Dziadek był miłośnikiem Syjonu, ale nie w wąskim politycznym znaczeniu (Agudat Israel była w opozycji do ruchu syjonistycznego), lecz w szerokim znaczeniu tego słowa. W naszym domu odnoszono się do Erec Israel nie tylko jak do ziemi świętej. W pewnym okresie rozmawiano nawet o zakupie tam działki. Dziadek miał niepośledni udział w nastrojach pro-erec-izraelskich w kręgu chasydów Agudy w Zduńskiej Woli, spośród których część emigrowała do Kraju.
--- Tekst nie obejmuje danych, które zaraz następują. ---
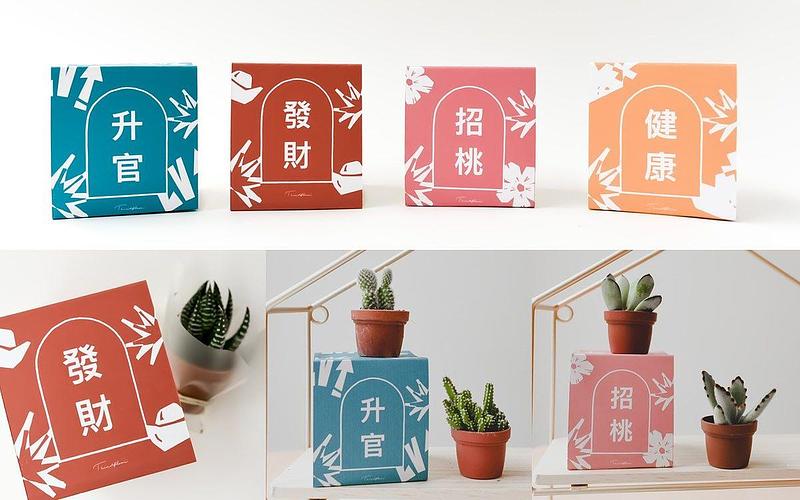 禮盒內除了餅乾外,附有簡單工具與針對現代都市男女需求的開運植栽,譬如與迪士尼史瑞克耳朵造型相似的筒葉花月,葉色鮮綠帶有光澤,在陽光充足時葉緣中容易自然透紅,具有帶桃的意義,葉端呈吸盤狀,又被稱為吸財樹,想要愛情事業兩得意首選開運植物推薦!有「升官」之說的珊瑚大戟則是許多辦族最愛,因其旺盛的生長能力而有興旺大吉之意,擺放於陽台可以化解外面的煞氣,又可疏通活氧。至於對於投資有興趣、想要荷包滿滿錢財賺不完的話,可以選擇有多肉界的聚寶盆的「萬重山」!仙人掌科的萬重山,屬多漿多肉植物,又稱山影、仙人山,有步步高之意能增添個人自信,擺於居家或辦公桌上,不僅招貴人,還能補財庫!工作壓力繁重、擔心身體亮紅燈的人也別擔心,長壽花是具景天酸代謝途徑的植物,有很好的凈化空氣作用,尤其在夜間,可凈化封閉的室內空氣,放在臥室還能增加夫妻和睦的效果,再也不用害怕回家要跪算盤啦!

O kwestii chasydów Ger i emigracji do Kraju jeszcze będę tu pisał w rozdziale o chasydzki dworze Ger. Dziadek miał też do czynienia z kręgiem Poalej Agudat Israel, będącej proletariackim odłamem Agudat Israel. Poalej miałaby być alternatywą dla świeckich ruchów robotniczych z Bundem na czele.

Robotnicy Poalej Aguda Israel różnili się od członków Agudat Israel między innymi ubiorem. Garnitury zamiast kapot. Kapelusze zamiast spodików i sztrajmlów, a czasami brak brody. Także cztery krańce [tałesu] były schowane, więc cyces nie powiewały na wietrze. Kapelusze przesuwano na bok zgodnie z ostatnią modą, a większość nosiła także krawaty. Robotnicy Agudat Israel byli mi bliżsi niż Agudat Israel. Widziałem w nich odpowiedź na ducha czasów. Istnieli także Młodzi Agudat Israel. Jednym z nich był Menachem Ploinski, późniejszy człowiek Bundu i partii komunistycznej, który przeżył i mieszka w Giwataim.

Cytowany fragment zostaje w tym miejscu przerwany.